The Miami Heat enter the summer with a bloated salary cap sheet after being the most expensive team to ever miss the playoffs. However, they may have more flexibility than meets the eye.
The Miami Heat have the ignominious distinction of being the most expensive team to ever miss the NBA playoffs. With a roster that may be locked in for at least another year, not much in the way of youth in development, and a number of teams below them in the Eastern Conference standings who could be poised to make a leap in the hierarchy (chief among them the New York Knicks), the outlook may be bleak for them to avoid that fate again in 2019-20.

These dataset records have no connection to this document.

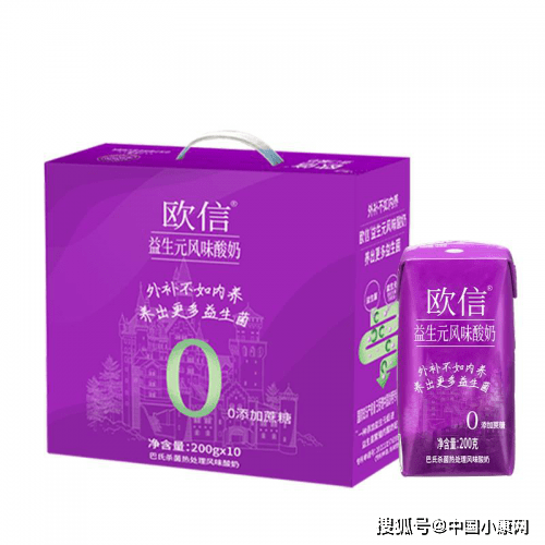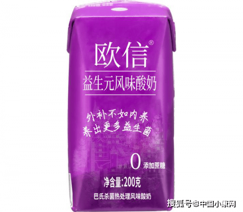 欧信益生元风味酸奶采用专利配方,在配料中添加了婴幼儿奶粉中常见的“益生元”有益成分,添加益生元能够促进益生菌繁殖。其配料中的低聚果糖就是益生元的一种。
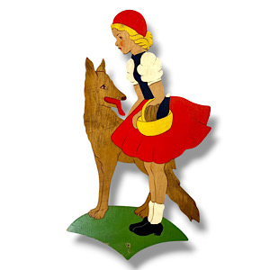 1930er Unbekannt: Pappe-Rotkäppchen mit Wolf, Handbemalt 25cm [EN] Little Red Riding Hood on Cardboard PAPPE-FIGUREN: In den Kriegsjahren (Zweiten Weltkrieg)...
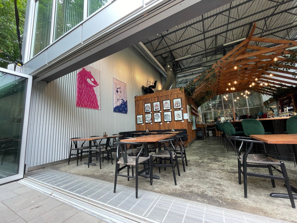 Je rejoins rapidement, mais presque déçue que ça s’achève, la microbrasserie Knowlton et Co. À mi-chemin entre un chalet de luxe et une galerie d’art, la microbrasserie offre plusieurs déclinaisons de bières, magnifiquement représentées par des sérigraphies de type BD. Je ne profite malheureusement pas de l’offre alimentaire alléchante et me gâte d’une canette de IPA pour emporter; ce ne sera que partie remise!
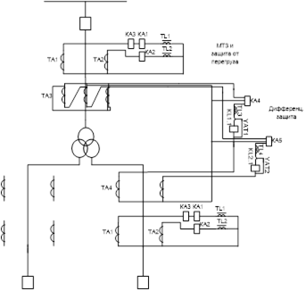 Схема защиты трансформатора Т1
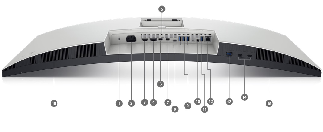 1. Slot pro bezpečnostní zámek (na bázi Kensington Security Slot) | 2. Konektor napájení | 3. Port HDMI | 4. DisplayPort 1.4 | 5. Zámek stojanu | 6. Thunderbolt 4 downstream port (15 W) pro řetězení | 7. Thunderbolt 4 upstream port (video + data). Alternativní režim s DisplayPortem 1.4, napájení až 90 W | 8. Upstream port USB Type-C (pouze data) (SuperSpeed USB 10 Gb/s, USB 3.2 Gen 2) | 9. 3x USB Type-A downstream port (SuperSpeed USB 10 Gbps, USB 3.2 Gen 2) | 10. Výstup zvuku | 11. Port USB typu A downstream (SuperSpeed USB 10 Gb/s, USB 3.2 Gen 2) | 12. Port RJ45 | 13. Port USB typu A downstream (SuperSpeed USB 10 Gb/s, USB 3.2 Gen 2) s nabíjením BC1.2 | 14. 2x USB Type-C downstream port (SuperSpeed USB 10 Gbps, USB 3.2 Gen 2) s nabíjením z napájení (15 W) | 15. Reproduktory
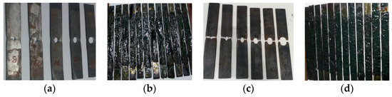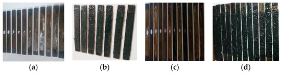 Prepared specimens of strengthened and non-strengthened CSH: (a) non-conditioned, (b) non-conditioned, (c) conditioned, and (d) conditioned.
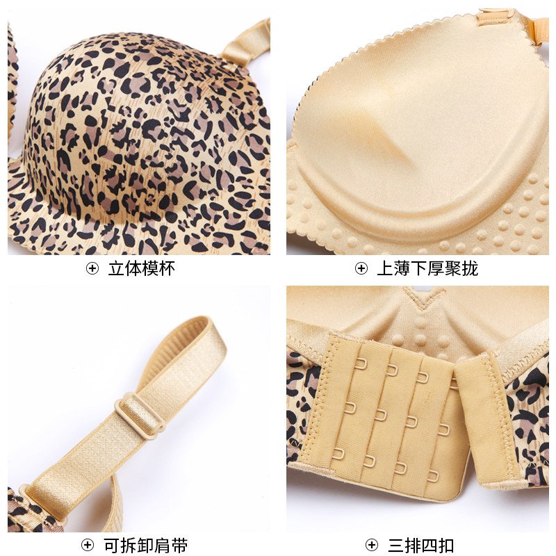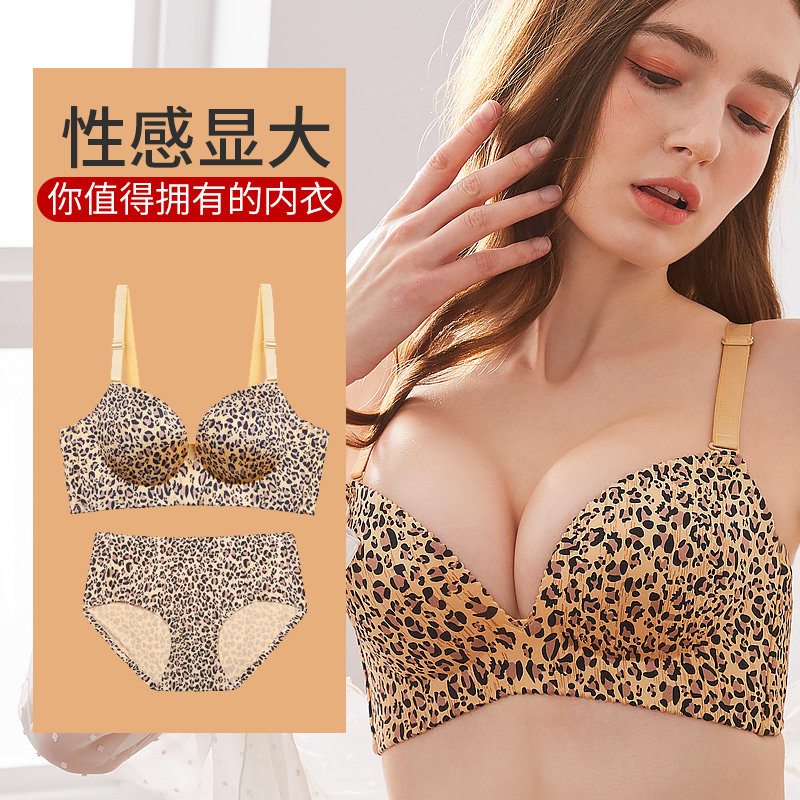 Lingerie women's underwire-free sexy leopard print bra small breasts gathered without marks anti-sag retracted breast adjustment bra set
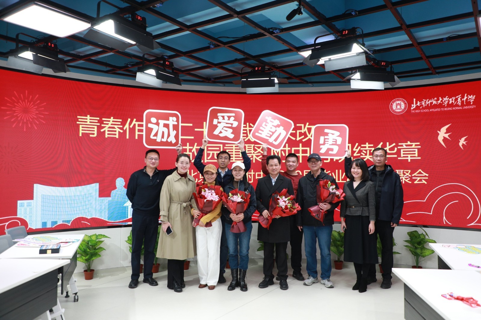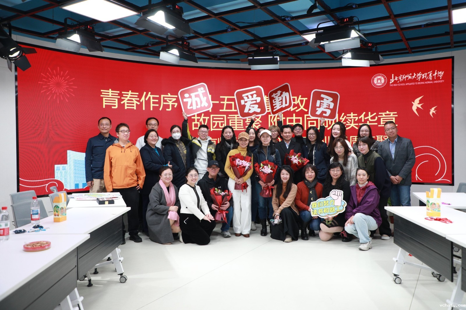 温情时刻,校友们手捧鲜花,依次走到老师面前,深深鞠躬,将鲜花献给自己敬爱的恩师,表达多年来的感恩之情。活动最后,校友们按当年的班级分组合影留念,大家亲昵地搭着肩膀,脸上洋溢着灿烂的笑容,定格下这珍贵的瞬间,并约定125周年校庆时再相见。随后,全体校友与老师们共同拍摄大合照,“我们爱师大附中”的“告白”响彻校园。
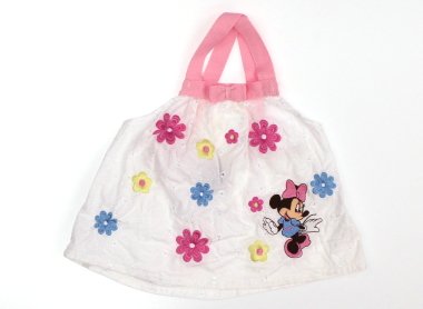 可愛いミニーちゃんの刺繍♪目立った汚れのない良品です。実際のサイズ表記は4Tですが、実寸平置きでバスト約23cm、総丈約25cmです。
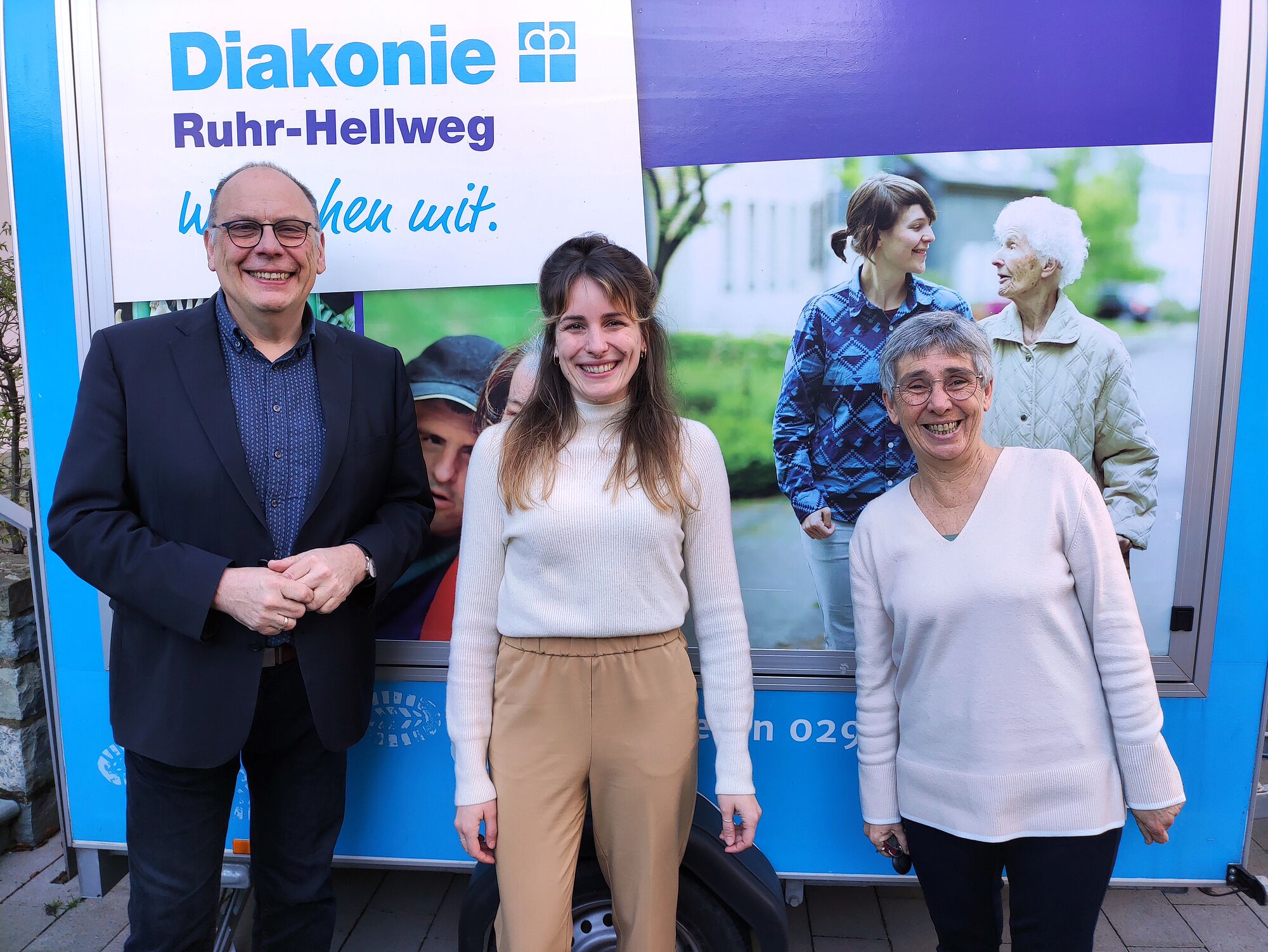Mayr tritt die Nachfolge von Susanne von Dolenga an, begrüßt wurde sie von der bis Mayrs Dienstantritt kommissarischen Leitung des Fachbereichs, Inge Nonte, und Diakonie-Vorstand Christian Korte.

The status quo may be grim, but there are scenarios where the Heat could find themselves with a sudden influx of salary cap flexibility. These hinge entirely upon whether both Goran Dragic and Hassan Whiteside choose to return to South Beach or decline their player options for the coming season.
If Dragic and Whiteside both opt out, their combined $46.3 million would come off the books for the coming season, a number which gets them well under the $109 million salary cap and reduces their cap number to $82.7 million in guaranteed salaries. That’s a substantial number, giving the Miami Heat $26.27 million in space, but it’s not enough to woo a superstar who can get a max contract.
In 2019, a player entering his sixth season (or earlier) will have a max first year salary of $27.25 million, while a player with between six and nine years experience will have a max first year salary of $32.7 million.
Either way, it’s likely not going to be enough to get the attention of a player like Jimmy Butler or Tobias Harris, or (dare we hope) a Kevin Durant or Klay Thompson, but it’s close.
The best way for the Heat to clear the decks to their fullest potential, assuming Dragic and Whiteside both opt out (remember, the best outcome is for them to both opt in or both opt out, because one player alone opting out doesn’t even get them any notable cap space) would be to stretch and waive Ryan Anderson‘s $21.26 million contract.
Anderson and the Miami Heat agreed to reduce his guaranteed salary to just $15.6 million, meaning that if the Heat do waive and stretch him, his cap number would drop from $21.26 million to just $5.2 million. According to the stretch provision, any player stretched has their remaining guaranteed salary divided by the number of years remaining doubled plus one, so this divides the $15.6 million guaranteed amount in thirds.
This would be paid out to Anderson, but the hit on the cap would then be $5.2 million in each of the next three seasons, and the extra $16 million in cap savings would mean the Heat would have $42.3 million to spend in free agency this summer, more than enough even for Kevin Durant’s 10-year-plus first year max salary of $38.5 million.
Again, the only reason to stretch out the remainder of Anderson’s contract would be to maximize existing cap space gained from the opt outs of Dragic and Whiteside, so if the do in fact opt out this summer, expect Ryan Anderson to be subsequently waived and stretched in the immediate aftermath.